Motors and Generators
These are DC gear motors I bought for about $8 apiece on the surplus market and are no longer available from my source. I am experimenting with other motors to compare their behavior with these, which seem to be working quite nicely. The gear motors came from All Electronics. The aluminum crank handles came from Reid Supply, they arrived with solid hubs and I drilled the ¼” blind holes in them. I then used two-ton epoxy to fasten the handles on the shafts. A vice or a clamp is helpful to encourage the shafts to mush all the way down into the epoxy. The motors came with four wires, two of which went to either a tachometer or a clutch of some sort. I cut the extra wires and soldered them together with the motor wires to extend the wires’ reach. Shrink tubing helps support the connections. Heavy alligator clips from Radio Shack completed the assembly. If I were to rebuild these, I’d give each motor at least two feet of wire and stagger the clips so they would be less prone to shorting themselves. Clips with plastic caps on the handles are a luxury to be considered. Avoid hooded clips, they will restrict your possibilities for connections.
At the motor station, I typically ask a student to ‘crank me out some electricity’ on a motor that is not attached to anything. Questioned, she will report that it is easy. I then short circuit the motor by touching the clips together. Suddenly the cranking is not so easy any more. I explain that now we have a circuit, and electricity (electrons) is (are) flowing through the wires. When there is no circuit, we are not moving electrons, not doing work, and indeed we all know that it is easier not to do work than it is to do work.
Next, I connect two motors together and let the student explore what this does. Often I find this is too early to try to explain that a motor and a generator are interchangeable depending on where the energy comes from and how it is being changed. A motor takes in electrical energy and changes it into motion; a generator takes mechanical motion and changes it into electricity. I also show them that if a student cranks a generator and I grab the spinning handle on a motor, the person cranking can feel me holding the motor. This is why we pay for electricity, and should give us renewed respect for batteries and power plants. At this point I step back and let them experiment.
Students will connect motors in series circuits and in parallel circuits, they will discover on their own that they can get shocks, and they will find that the motors can ‘break dance.’

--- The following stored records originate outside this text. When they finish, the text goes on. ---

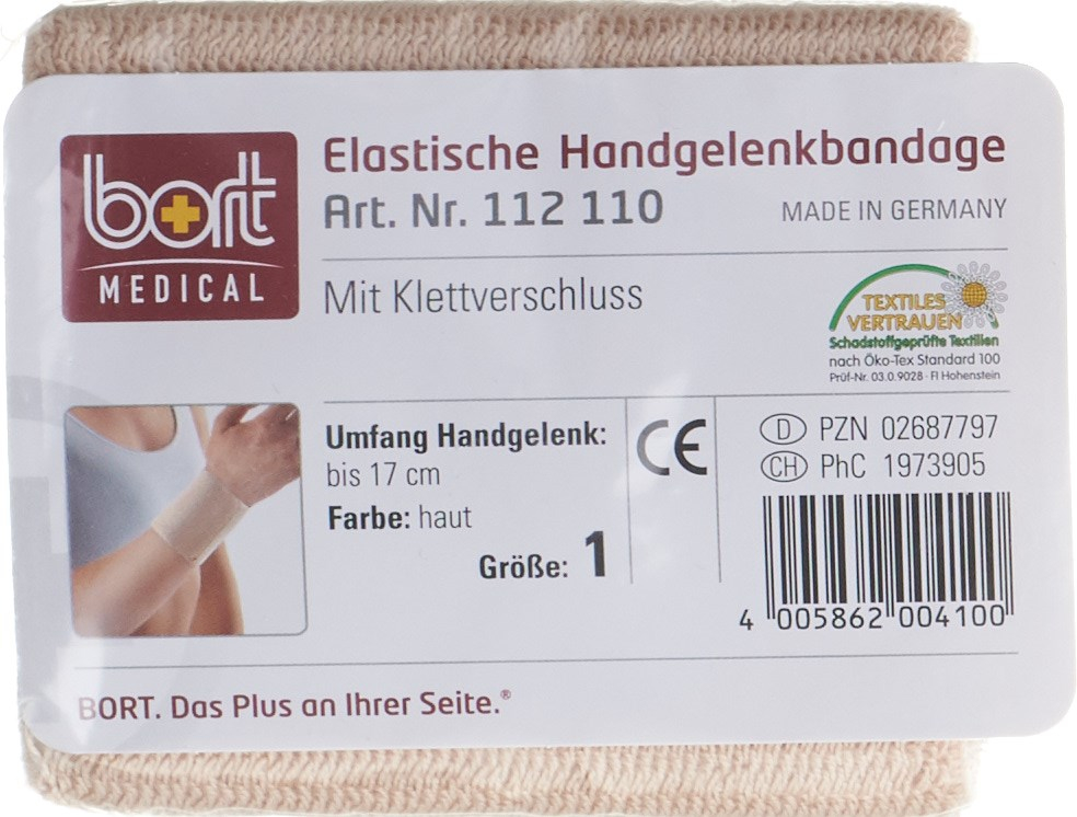 Bort Handgelenkbandage Velcro 8cm Gr1 -17cm beige 1 Stk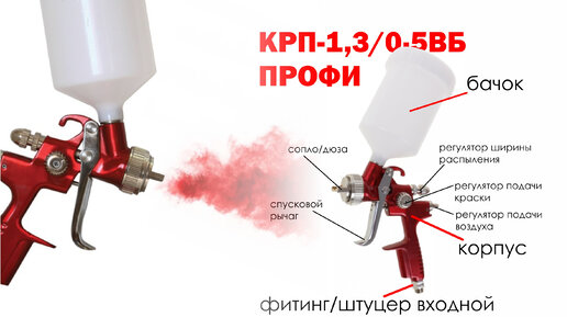 Условно разделить краскораспылитель можем на три составляющих: корпус инструмента, бачок для состава и фитинг для подключения к шлангу компрессора...
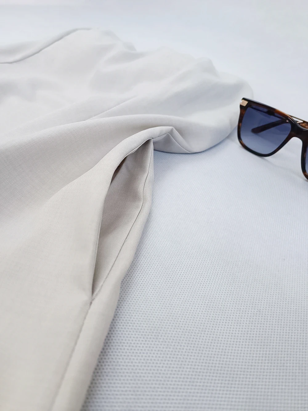 پیراهن دارای نوار استپ روی سینه و دو جیب در بغل ( مطابق تصویر ) می باشد.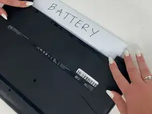 Используя указательные пальцы, нажмите на зажимы держателя аккумулятора внутрь (в центр ноутбука).
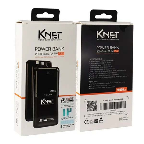 پاوربانک 22.5 وات کی نت مدل K-P22 ظرفیت 20000 میلی آمپر ساعت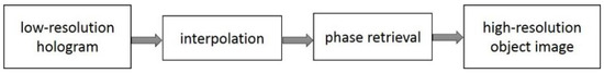 A disadvantage of this method is that the information added to the image is estimated and not completely correct. This process is also affected by the twin image, as the twin image can interfere with image detail. Therefore, combining phase iteration and interpolation can improve image resolution without artifacts [70], which is illustrated in Figure 10. In this algorithm, the optical field is propagated back and forth between the sample plane and the sensor plane while using the measured intensity and a priori information about the sample as constraints, following Gerchberg–Saxton and Fienup’s methods. Before the iteration, the intensity data matrix measured by the sensor is interpolated to enlarge the matrix dimension and thus effectively reduce the pixel size. During the iteration, the sensor plane constraints are applied on only the measured intensity location but not the interpolated data location. The resolution is improved about 1.26 times using a sensor with pixel size of 2.2 μm.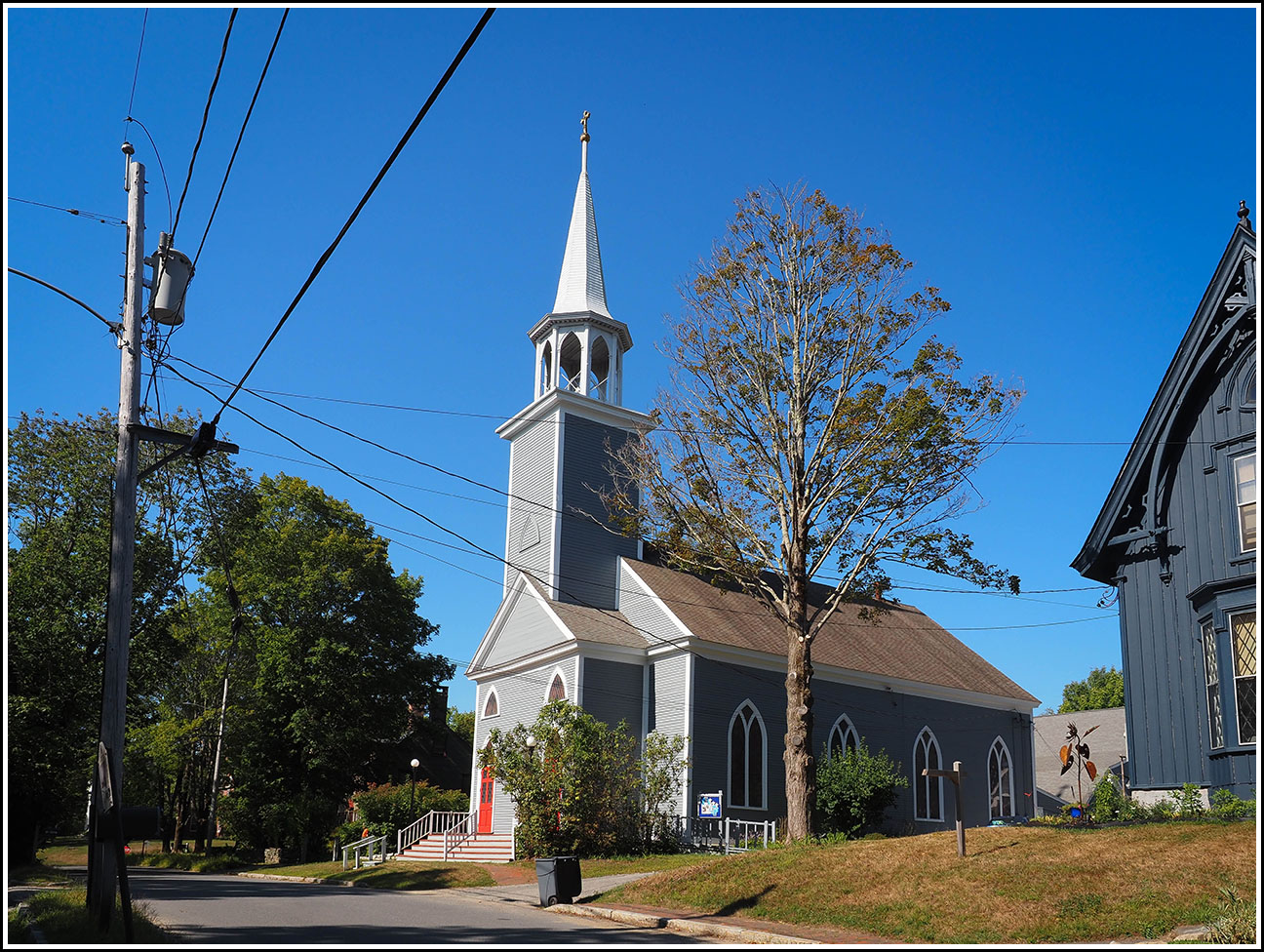 This was the second of two church spire landmark stations we found this morning. The first was a white spire on the nearby Congregational Church. This one, the second, was once a brown spire but is now also painted white. There is no reason to think that the spire or the church have been otherwise modified, though, since the station was first observed in 1857 and 1934. The church is St. Philip’s Episcopal Church.

I try to show them that no matter how fast they crank one motor, they can’t get another to go that fast. That would defy the Second Law of Thermodynamics; entropy always increases. (Friction being as relentless as death and taxes.) If they have a series circuit, though, they can add their voltages together to increase the speed of a third or fourth motor. This does not work in a parallel circuit with each of the motors connected to each of two common nodes. In the parallel circuit, the voltages don’t add, although I think the currents do, suggesting that the driven motor(s) might have more torque. Voltage governs speed in these motors.
Students typically don’t realize they can make the motors arm wrestle, and that is fun to show them, taking this opportunity to show them that switching wires can change the direction of a motor’s rotation. They will also discover that there are differences of effect depending on which way they crank and whether they have parallel or series circuits.
By now the time is usually used up, but if students are motivated, we explore series-parallel arrangements. Connect ‘generators’ in series to a set of parallel ‘motors’ for best effect. Interested students will discover that they only get shocks if they are touching the metal while they are disconnecting clips and someone is cranking. Show them that if a series circuit is broken anywhere else, they don’t get a shock. Show them that the shock is current and not static electricity. The shock doesn’t happen when we are just holding two clips. Connecting them together diverts any current through the wires, but disconnecting them results in a sudden mild pulse of electricity.
Inside each motor is a coil of copper wire. When current flows through this coil, it sets up a magnetic field. When the current stops as, for instance, the circuit is broken, this magnetic field collapses, sending a sudden but short-lived spike of electricity through the wire.
The hand generators are an experiment, and I see them as being in destructive testing. I am amazed at how well they have lasted, the only repairs being two handles needing reattachment to their shafts. The clip leads are holding up well, the gear boxes seem to be doing well, and after numerous drops to the floor from table height and plenty of time break dancing, the motors seem to be durable. I feel very lucky to have found these particular motors at a great price, the plastic cases are a plus as they bang around on tables.